Они беспокоились: не будет ли скучноват мой внутренний рисунок, не поддержанный многими сильно ощутимыми конкретностями. Впрочем, работали они прекрасно, но кроме актеров, занятых в работе, есть еще не занятые, и есть, наконец, в каждом театре, так сказать, «идеологи» данного художественного направления. О, к ним в руки не попадайся, они что-то другое, не свойственное им самим, иногда принимают на стороне,но у себя дома им подавай только то, на чем они сами крепко стоят, хотя, возможно, в свое время они и это с трудом воспринимали. Но потом привыкли, уверовали в успех, и теперь — ни-ни, чтобы ничего другого не было!

Прошу извинить меня, но я вспомнил, как однажды Крэг захотел поставить спектакль у Станиславского. И что из этого получилось. В продолжение этого своего шуточного сравнения скажу, что я почувствовал себя, скорее, Станиславским у Крэга.

Только своеобразие ситуации было в том, что «Крэг», при всех своих ширмах,любил сочный быт, а «Станиславский», при всей любви к психологизму,тяготел к непонятной «Крэгу» условности.

Одним словом, не разбери поймешь!..

Однако я хочу повторить, что мои сравнения шуточны.

Тяжелее всего было актерам, потому что выстоять в своем театречасто труднее, чем выстоять перед публикой.Ведь надо еще к этой публике прорваться через своих, не потеряв веры в то, что делаешь.

И все-таки, кажется, мы к ней прорвались.

А теперь я снова на Малой Бронной.

Когда постранствуешь, воротишься домой...

Известных киноартистов называют «звездами». И вывешивают афиши с их портретами. Но я всегда с некоторым недоумением взираю на то или иное лицо. Отчего именно этот актер звезда?Оттого, что часто снимается? Но звезда — это, по-моему, актер или актриса, принесшие нам целый мир.А эта звезда — просто плохой спутник, и только.

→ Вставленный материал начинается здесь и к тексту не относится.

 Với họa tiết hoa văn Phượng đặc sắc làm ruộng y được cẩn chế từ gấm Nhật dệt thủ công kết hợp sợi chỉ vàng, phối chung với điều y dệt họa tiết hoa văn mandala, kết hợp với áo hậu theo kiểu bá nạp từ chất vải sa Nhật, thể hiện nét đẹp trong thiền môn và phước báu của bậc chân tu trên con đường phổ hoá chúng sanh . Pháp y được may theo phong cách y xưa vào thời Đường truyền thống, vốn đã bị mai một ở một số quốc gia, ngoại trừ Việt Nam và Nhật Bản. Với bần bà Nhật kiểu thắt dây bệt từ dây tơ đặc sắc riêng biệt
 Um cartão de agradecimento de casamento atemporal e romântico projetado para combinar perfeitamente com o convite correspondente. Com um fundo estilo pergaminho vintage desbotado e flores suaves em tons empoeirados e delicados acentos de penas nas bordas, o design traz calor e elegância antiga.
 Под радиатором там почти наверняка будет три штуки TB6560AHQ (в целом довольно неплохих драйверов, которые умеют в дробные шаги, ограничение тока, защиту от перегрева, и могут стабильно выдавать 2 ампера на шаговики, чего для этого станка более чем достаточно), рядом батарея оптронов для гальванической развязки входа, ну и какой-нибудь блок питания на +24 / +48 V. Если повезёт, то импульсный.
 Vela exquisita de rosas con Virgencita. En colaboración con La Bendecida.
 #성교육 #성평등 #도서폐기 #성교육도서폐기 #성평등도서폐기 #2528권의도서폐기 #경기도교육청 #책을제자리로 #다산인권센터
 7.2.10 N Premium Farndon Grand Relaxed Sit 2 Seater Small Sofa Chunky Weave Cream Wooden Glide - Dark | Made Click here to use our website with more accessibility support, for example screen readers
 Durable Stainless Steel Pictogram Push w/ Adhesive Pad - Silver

На фестивале не так давно шел итальянский фильм. Он шел вторым за этот вечер, и все порядком утомились. Первая картина была серьезной, с интересным сюжетом и хорошими артистами, В перерыве все мы думали: не пора ли уходить домой. Но фестивальная горячка волей-неволей захватывает, и ты, посомневавшись, идешь опять в душный зал.

Начался новый фильм, И сразу же появилось лицо мужчины, очень измученное лицо. Сказать, что оно было выразительным, — мало. Оно предвещало именно целый мир.Актер играл слепого человека. И делал это не то чтобы искусно, так было бы просто пошло сказать. Это был мученик. И мучитель одновременно. Это был очень жестокий мужчина, крутой, бешеный. Он оскорблял или дрался, но его глаза, смотревшие мимо, были ужасны. Он доживал свою жизнь. Он буянил, зная, что завтра покончит с собой. Быть калекой — его не устраивало. Но когда пришло, время и друг его, тоже калека, убил себя, а следом должен был выстрелить он, он испугался. Это было позорно. Но он не сумел застрелиться. Даже такая жизнь оказалась ему дорога.